WHAT YOU SHOULD DO: A faithful transcription of all the data, images excluded, is the required answer.

GIVEN DATA:
※
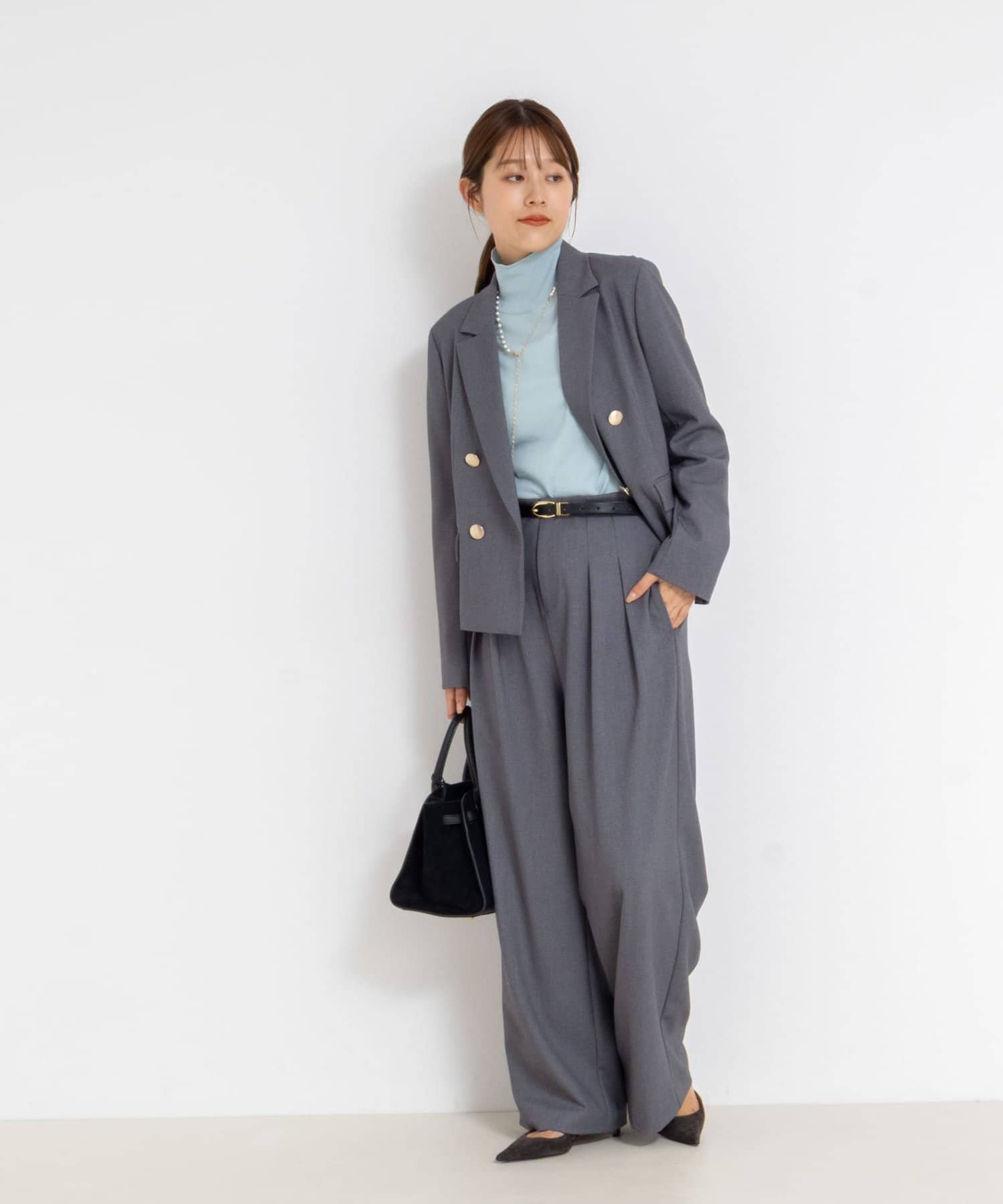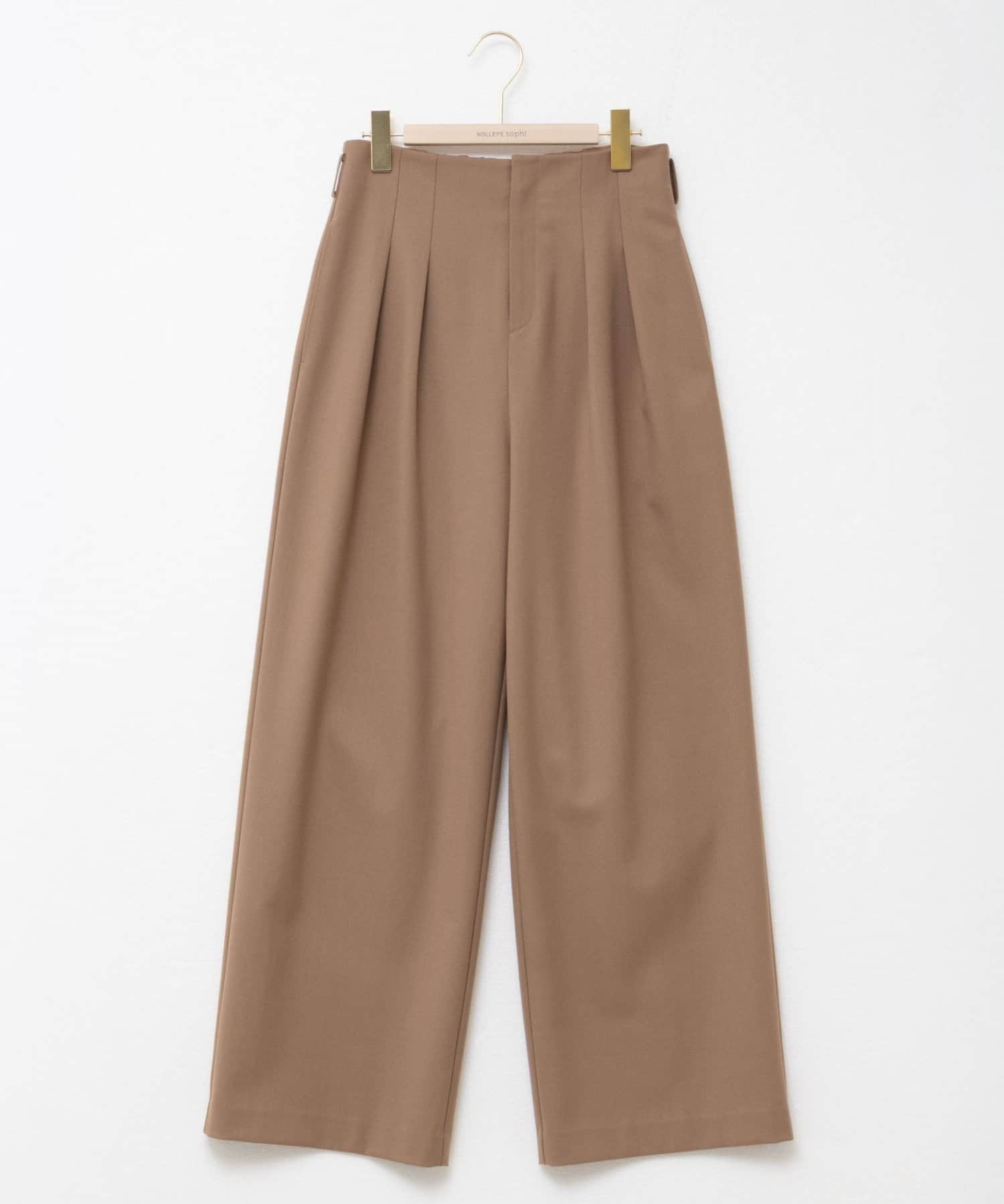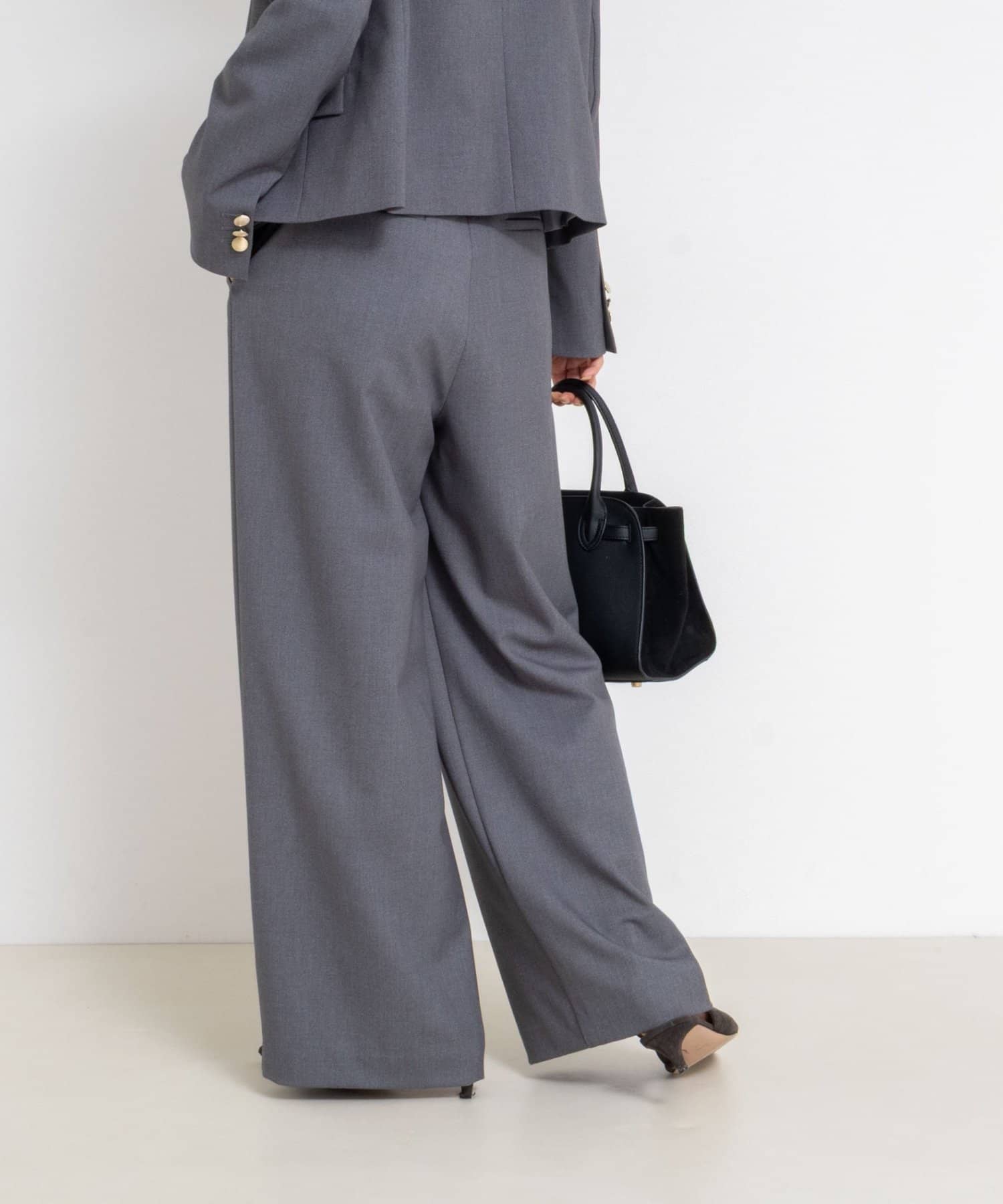 《セットアップ対応》ウォッシャブルウール混ツイルハイウエストワイドパンツ
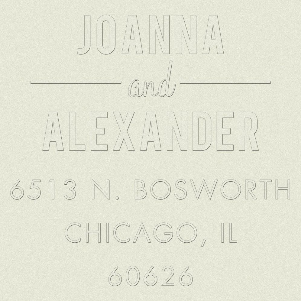 Your plate will be produced with the capitalization and punctuation shown in the sample. For this embosser “and” will be included in your final design.
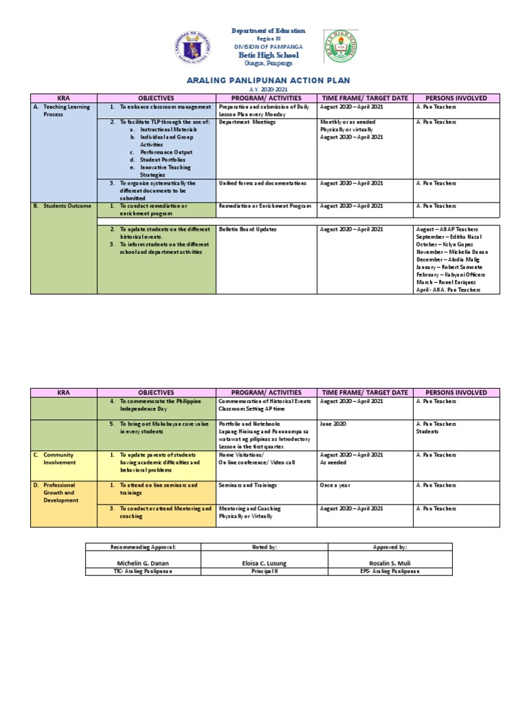 Araling Panlipunan Action Plann 2020 2021 Pdf Mentorship Classroom Management
※
TASK OUTPUT:
 《セットアップ対応》ウォッシャブルウール混ツイルハイウエストワイドパンツ
 Your plate will be produced with the capitalization and punctuation shown in the sample. For this embosser “and” will be included in your final design.
 Araling Panlipunan Action Plann 2020 2021 Pdf Mentorship Classroom Management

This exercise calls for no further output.